Directions for this task: Output all entries precisely and leave out the pictures.

--------

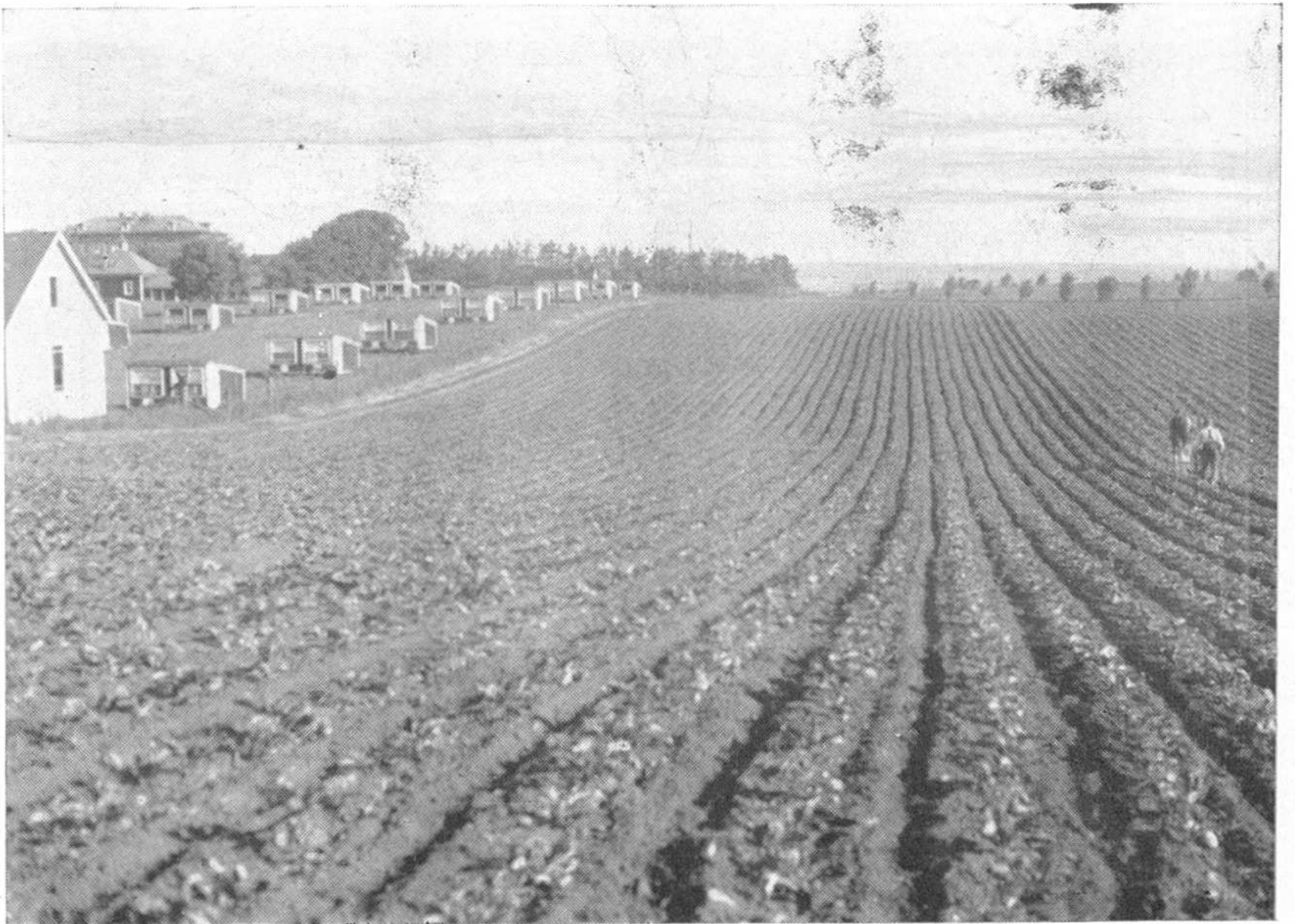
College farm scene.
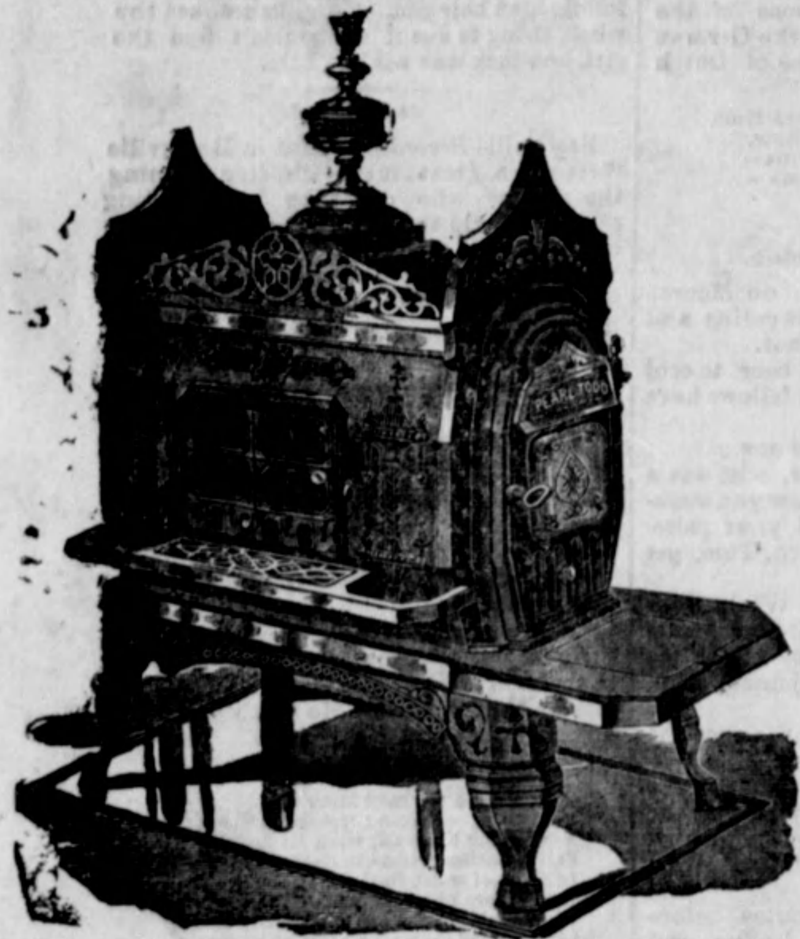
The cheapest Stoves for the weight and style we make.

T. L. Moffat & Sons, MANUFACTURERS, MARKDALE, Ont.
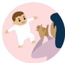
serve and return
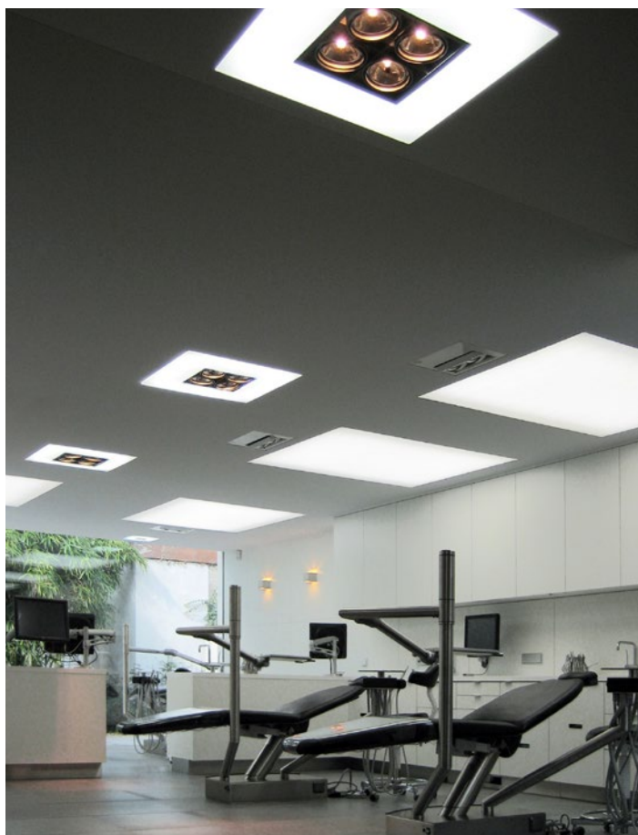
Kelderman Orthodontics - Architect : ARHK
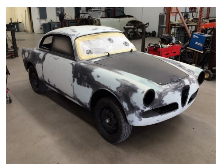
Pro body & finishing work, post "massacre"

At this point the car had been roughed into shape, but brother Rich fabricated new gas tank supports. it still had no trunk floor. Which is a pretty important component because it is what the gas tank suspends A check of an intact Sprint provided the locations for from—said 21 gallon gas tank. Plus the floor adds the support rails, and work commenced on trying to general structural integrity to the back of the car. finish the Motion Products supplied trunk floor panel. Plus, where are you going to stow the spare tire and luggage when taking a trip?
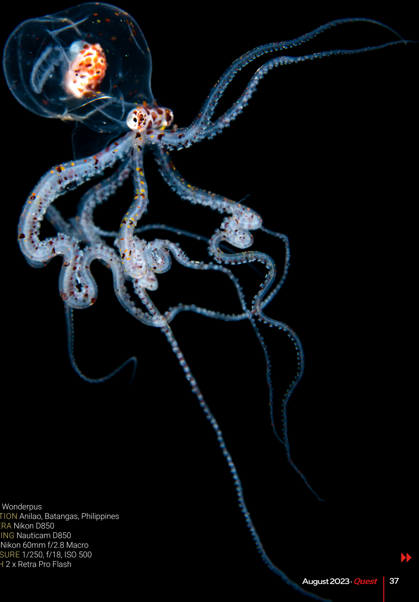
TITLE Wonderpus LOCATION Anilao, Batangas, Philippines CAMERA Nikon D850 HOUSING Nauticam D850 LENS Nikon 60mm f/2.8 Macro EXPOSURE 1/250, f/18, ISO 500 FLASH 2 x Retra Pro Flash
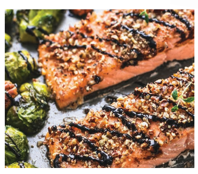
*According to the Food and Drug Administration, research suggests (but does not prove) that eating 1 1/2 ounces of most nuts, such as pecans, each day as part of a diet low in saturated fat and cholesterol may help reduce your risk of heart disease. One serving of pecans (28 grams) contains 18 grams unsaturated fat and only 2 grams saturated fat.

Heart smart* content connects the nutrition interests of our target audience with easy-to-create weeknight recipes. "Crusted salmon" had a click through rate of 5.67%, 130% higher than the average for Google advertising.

--------

Exercise solution:
College farm scene.
The cheapest Stoves for the weight and style we make.

T. L. Moffat & Sons, MANUFACTURERS, MARKDALE, Ont.
serve and return
Kelderman Orthodontics - Architect : ARHK
Pro body & finishing work, post "massacre"

At this point the car had been roughed into shape, but brother Rich fabricated new gas tank supports. it still had no trunk floor. Which is a pretty important component because it is what the gas tank suspends A check of an intact Sprint provided the locations for from—said 21 gallon gas tank. Plus the floor adds the support rails, and work commenced on trying to general structural integrity to the back of the car. finish the Motion Products supplied trunk floor panel. Plus, where are you going to stow the spare tire and luggage when taking a trip?
TITLE Wonderpus LOCATION Anilao, Batangas, Philippines CAMERA Nikon D850 HOUSING Nauticam D850 LENS Nikon 60mm f/2.8 Macro EXPOSURE 1/250, f/18, ISO 500 FLASH 2 x Retra Pro Flash
*According to the Food and Drug Administration, research suggests (but does not prove) that eating 1 1/2 ounces of most nuts, such as pecans, each day as part of a diet low in saturated fat and cholesterol may help reduce your risk of heart disease. One serving of pecans (28 grams) contains 18 grams unsaturated fat and only 2 grams saturated fat.

Heart smart* content connects the nutrition interests of our target audience with easy-to-create weeknight recipes. "Crusted salmon" had a click through rate of 5.67%, 130% higher than the average for Google advertising.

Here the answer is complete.